I was rummaging about in a wardrobe in the back bedroom and found myself getting distracted by a large box full of small press publications from the early noughties.wicked hollowThe indulgent nostalgia was multiplied by the realisation that pretty much of all of them have since folded. Mostly A5, some immaculately printed, others rough bedroom-printer jobs, there’s a huge variation in editorial and authorial talent, but these played a role in what was a very formative time regarding my own writing.

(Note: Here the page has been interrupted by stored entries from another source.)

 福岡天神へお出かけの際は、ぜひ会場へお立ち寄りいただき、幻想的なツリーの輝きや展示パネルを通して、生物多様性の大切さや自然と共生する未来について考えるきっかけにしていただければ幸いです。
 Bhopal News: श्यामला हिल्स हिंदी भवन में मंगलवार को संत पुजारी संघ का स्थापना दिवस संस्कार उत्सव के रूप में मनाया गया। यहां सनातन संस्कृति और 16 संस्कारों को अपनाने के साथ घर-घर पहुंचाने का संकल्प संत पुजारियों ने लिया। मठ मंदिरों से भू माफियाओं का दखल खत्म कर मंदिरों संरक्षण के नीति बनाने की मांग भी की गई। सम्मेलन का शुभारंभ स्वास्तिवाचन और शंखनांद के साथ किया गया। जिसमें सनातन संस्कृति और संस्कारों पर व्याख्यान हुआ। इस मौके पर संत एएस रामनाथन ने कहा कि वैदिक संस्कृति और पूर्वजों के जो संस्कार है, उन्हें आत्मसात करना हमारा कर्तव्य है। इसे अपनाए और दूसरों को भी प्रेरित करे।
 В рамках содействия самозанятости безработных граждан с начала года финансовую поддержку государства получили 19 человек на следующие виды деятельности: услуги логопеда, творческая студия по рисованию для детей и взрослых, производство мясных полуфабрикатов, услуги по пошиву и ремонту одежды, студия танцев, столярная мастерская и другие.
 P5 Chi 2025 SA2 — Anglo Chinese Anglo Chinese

My favourite has to be Wicked Hollow from Blindside Publishing, a card-stock becovered magazine the size of a wallet that could be slipped into the back pocket to be read on the bus or during a quick break at work. Professionally finished and crafted, the last issue was #9 in 2005, and I see that the website still lives but hasn’t been updated since. It’s somewhat sad when a magazine folds without announcement and the site is left to moulder. I just revisited some quality tales from Simon Strantzas and Anderson Prunty, and it was here that I made my first paid sale with “Snuff Club” back in 2002. Reading that email acceptance from editor Jon Hodges was quite a moment, and to describe it as euphoric is no exaggeration. No writer ever forgets their first.

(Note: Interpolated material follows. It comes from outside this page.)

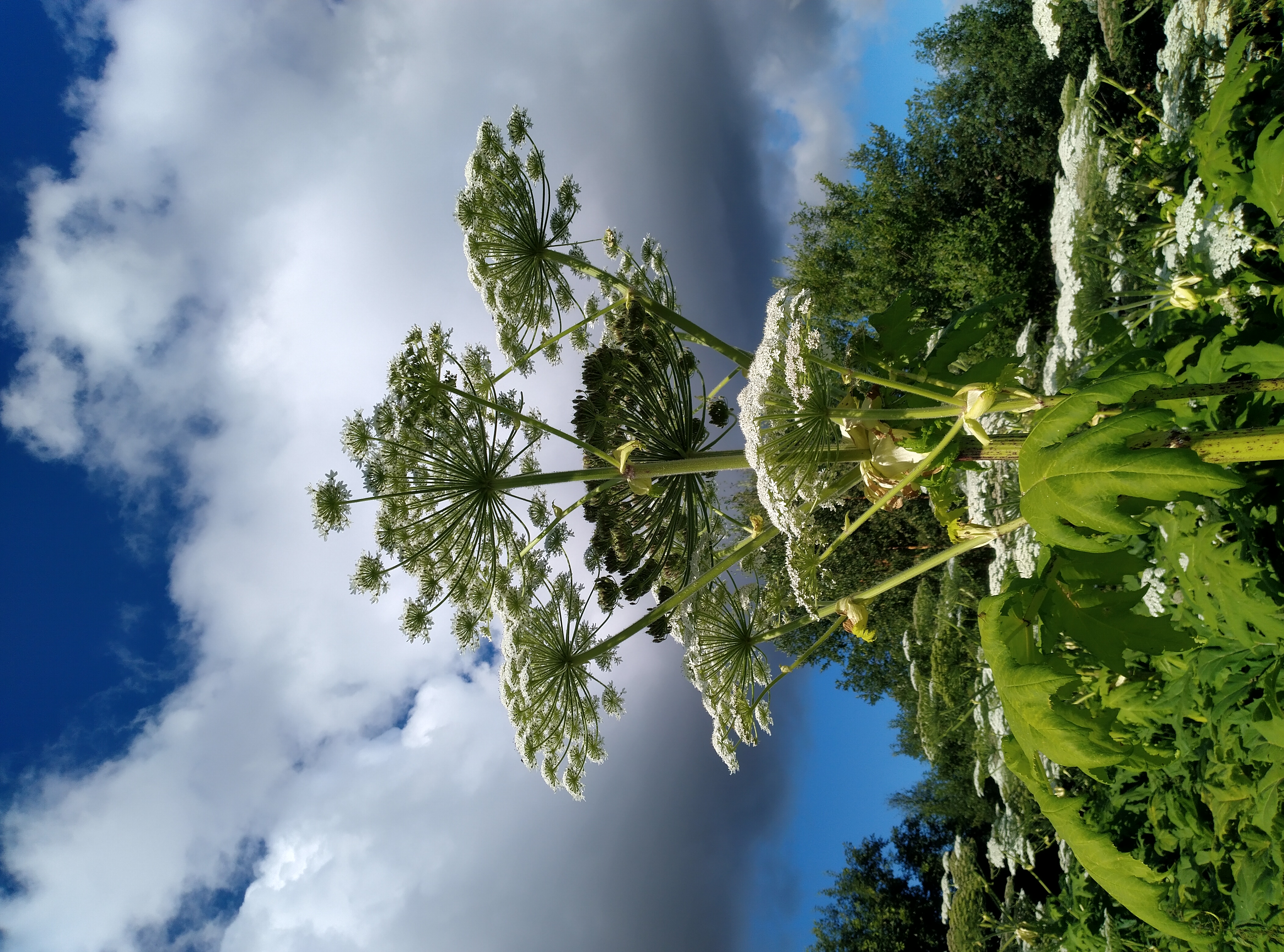 En jätteloka som växer på en naturlig äng. Växten har stora, paraplyformade vita blommor och gröna blad. I bakgrunden finns delvis en molnig blå himmel och grönskande växtlighet.

I enjoyed the sf horror of Burning Sky, edited by Greg Gifune, and discovered writers such as Darrell Pitt and Tim Curran. The exceptionally thoughtful Fusing Horizons introduced me to the likes of Gary McMahon and John Llewellyn Probert, both who have since become favourites. Editor Gary Fry very politely rejected me several times, and rightly so given the quality of these earlier scribblings, before he went on to greater things with the fantastic Gray Friar Press. I was also quite fond of the ultra-small press Dark Angel Rising. A monochrome and endearingly wonky zine from Cornwall in England, it had had real heart, editors who were a delight to correspond with and was my first taste of Amy Grech, Eric S. Brown and Rob Dunbar.


Talebones, run by Patrick Swenson for many years, was one of the more glossy offerings with quality artwork and reader’s letters. Hit and miss was Andrew Hannon’s Thirteen which has the occasional gem and took an early flash story of mine. I never managed to get hold of that final issue unfortunately, and I believe the magazine folded after a flood at the editor’s office.

I have quite a few issues of the Australian pulp-fest Dark Animus, edited by James R. Cain, which aimed to showcase new writers and featured the early tales of many prolific scribes like Michael Arnzen, Cat Sparks and poet Christina Sng. This also taught me that rejection isn’t necessarily the end of the world – and also to aim high – as one of mine that wasn’t to the editor’s taste went on to be sold for a professional rate elsewhere.


Others include the wonderfully titled Whispers from the Shattered Forum by Cullen Bunn of Undaunted Press, Flesh and Blood, Frothing at the Mouth and Black Satellite, and I’m thankful to them all for fuelling my love of writing. It was a fun time, discovering that there was much more to the genre than what high street bookstores had to offer, and also that it was possible to get my own work published without an agent or approaching the terrifying giants of the industry. And although some of these were token or “4-the-luv” markets, which attract a lot of heat, it’s how a lot of us started out. Born out of passion rather than an expectation of riches, these digests are gone but not forgotten.